The problem: The listing below should be written out word for word, with its pictures removed.

Data block:
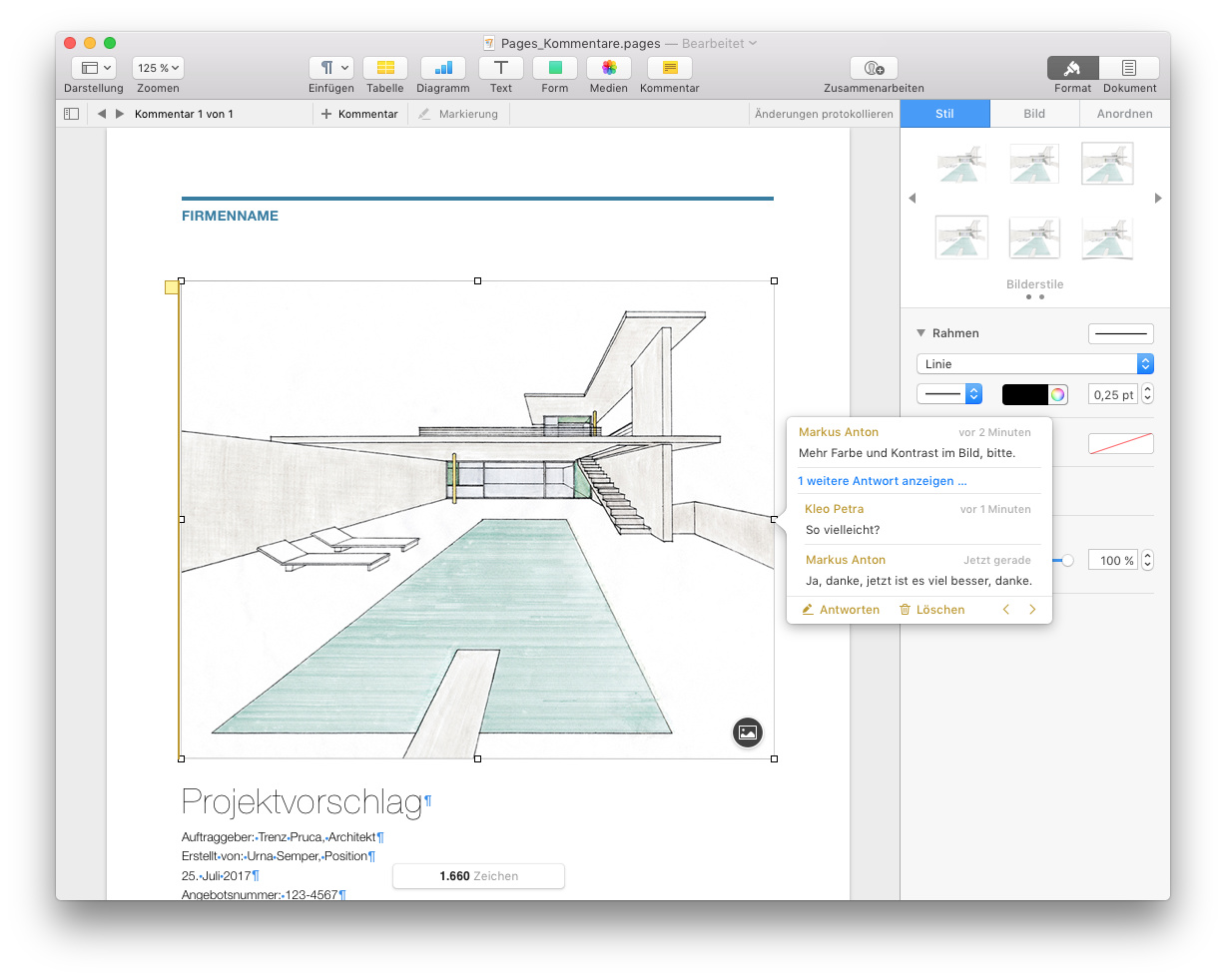 Text kann in Pages 6.2 wieder über mehrere Rahmen fließen, auch wenn diese sich etwa auf verschiedenen Seiten befinden – praktisch etwa für eine überlaufende Info-Spalte eines Newsletters. Verkettete Textrahmen erleichtern den Aufbau vor allem im Dokumentmodus „Seitenlayout“, denn einen zentralen Fließtext gibt es hier nicht. Stattdessen platziert man Text-, Bild- und Grafikrahmen nach Belieben.
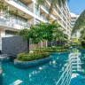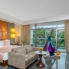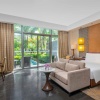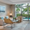 Двухкомнатный сьют на 1 этаже: спальня с двуспальной кроватью king-size, ванная комната с ванной и душем, гостиная, меблированная терраса и бассейн с прямым доступом к лагуне, окружающей корпус T2, вид на сад/лагуну;
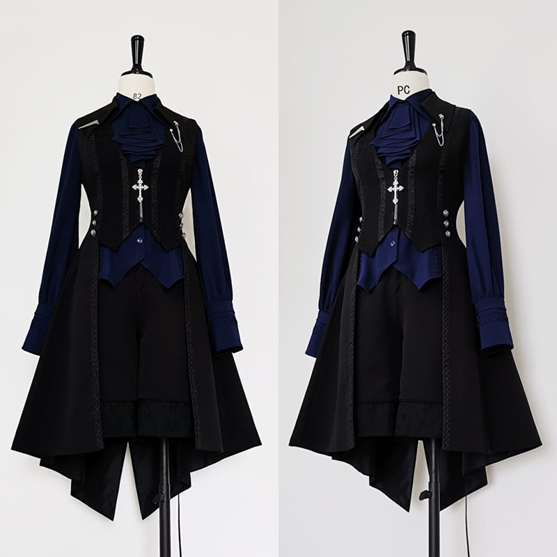 胸元のシルバー十字架がビジュアル抜群なロングベスト、ハイウエストなデザインにバックはセンターベンツの深い切れ込みとなっています。ゴシックなブラウスとコーデすれば病みかわいいゴスロリスタイルが格上げします。

Answer box:
 Text kann in Pages 6.2 wieder über mehrere Rahmen fließen, auch wenn diese sich etwa auf verschiedenen Seiten befinden – praktisch etwa für eine überlaufende Info-Spalte eines Newsletters. Verkettete Textrahmen erleichtern den Aufbau vor allem im Dokumentmodus „Seitenlayout“, denn einen zentralen Fließtext gibt es hier nicht. Stattdessen platziert man Text-, Bild- und Grafikrahmen nach Belieben.
 Двухкомнатный сьют на 1 этаже: спальня с двуспальной кроватью king-size, ванная комната с ванной и душем, гостиная, меблированная терраса и бассейн с прямым доступом к лагуне, окружающей корпус T2, вид на сад/лагуну;
 胸元のシルバー十字架がビジュアル抜群なロングベスト、ハイウエストなデザインにバックはセンターベンツの深い切れ込みとなっています。ゴシックなブラウスとコーデすれば病みかわいいゴスロリスタイルが格上げします。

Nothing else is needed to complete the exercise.